== What the task requires ==
Among the lines below, output only those between the line holding "2025年5月28日下午,闸" and the line holding "ピンクの「Xenel」ロゴが、ブラックボディに映えるロングスリーブTシャツ。", inclusive, exactly as written and with no pictures.

== Records for this exercise ==
=======
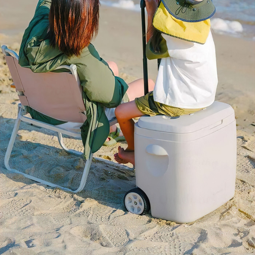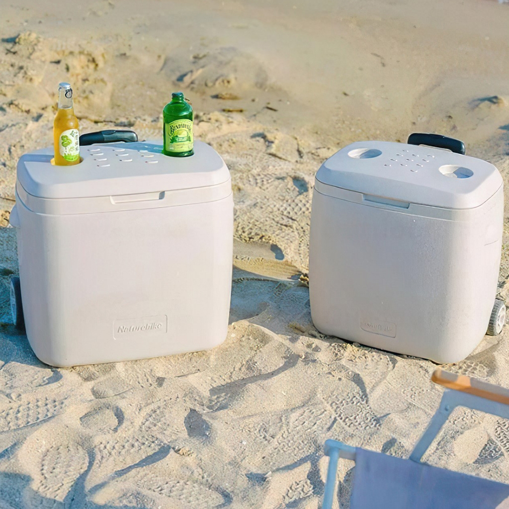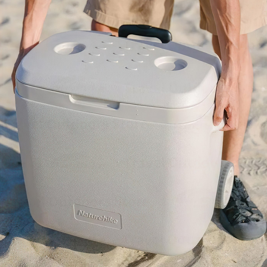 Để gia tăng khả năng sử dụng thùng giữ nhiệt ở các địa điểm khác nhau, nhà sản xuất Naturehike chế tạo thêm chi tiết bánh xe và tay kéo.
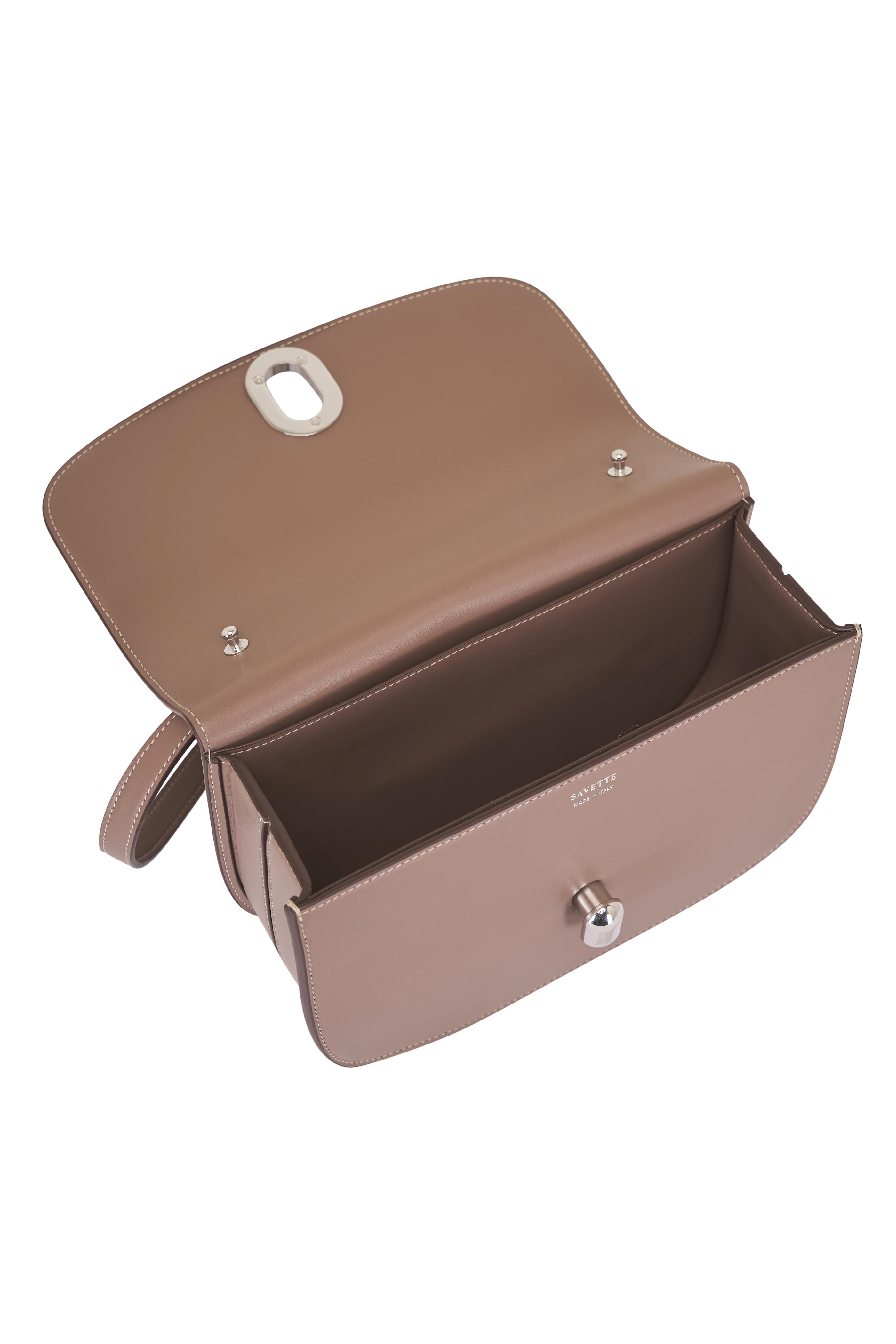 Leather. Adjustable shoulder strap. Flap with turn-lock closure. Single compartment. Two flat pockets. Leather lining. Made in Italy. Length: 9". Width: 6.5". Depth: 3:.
=======
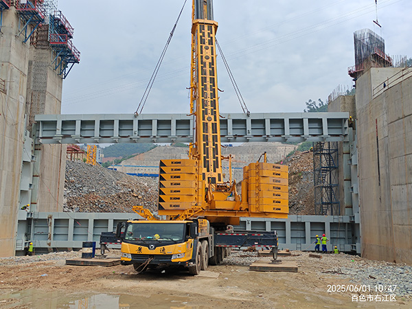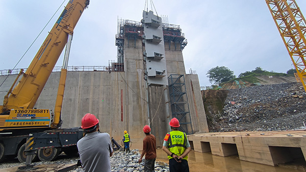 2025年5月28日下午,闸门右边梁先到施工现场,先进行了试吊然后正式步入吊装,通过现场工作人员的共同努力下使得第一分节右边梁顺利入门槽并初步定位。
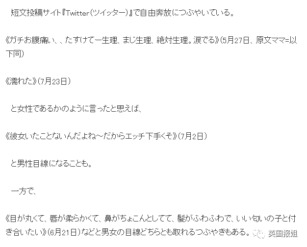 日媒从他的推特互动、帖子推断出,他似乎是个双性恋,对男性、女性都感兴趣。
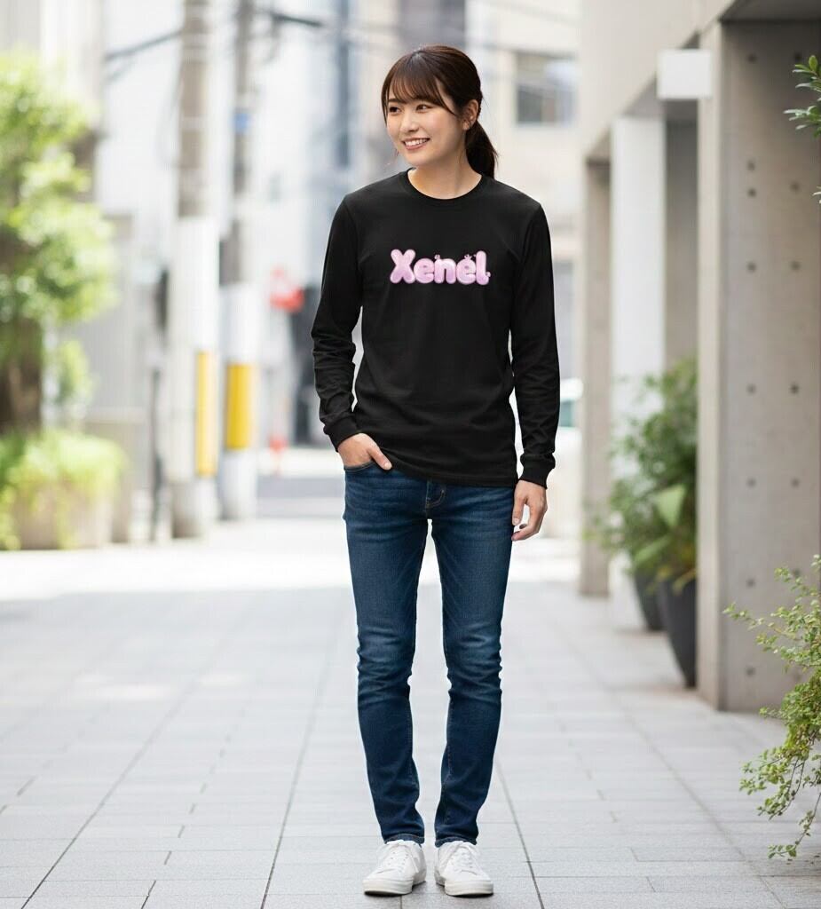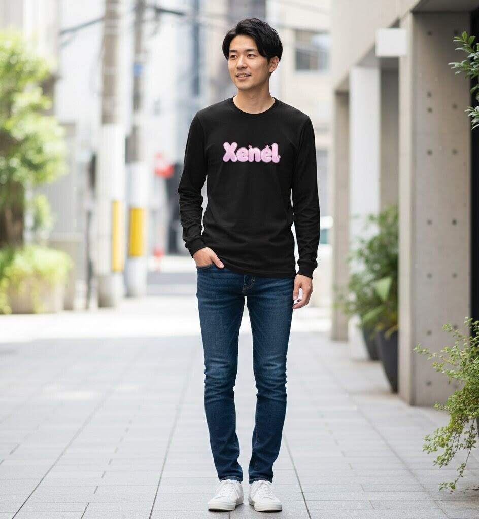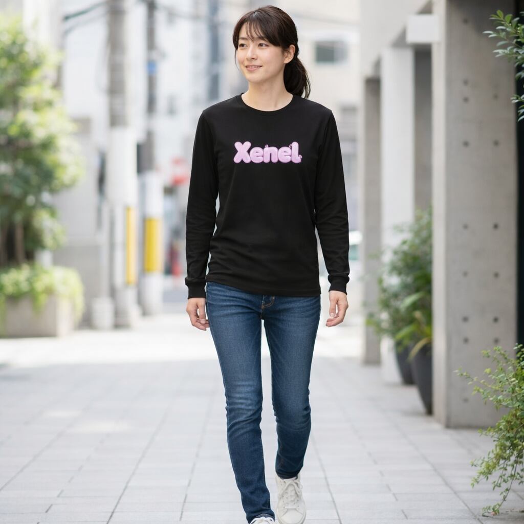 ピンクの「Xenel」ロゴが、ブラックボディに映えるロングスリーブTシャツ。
=======
== Your solution ==
 2025年5月28日下午,闸门右边梁先到施工现场,先进行了试吊然后正式步入吊装,通过现场工作人员的共同努力下使得第一分节右边梁顺利入门槽并初步定位。
 日媒从他的推特互动、帖子推断出,他似乎是个双性恋,对男性、女性都感兴趣。
 ピンクの「Xenel」ロゴが、ブラックボディに映えるロングスリーブTシャツ。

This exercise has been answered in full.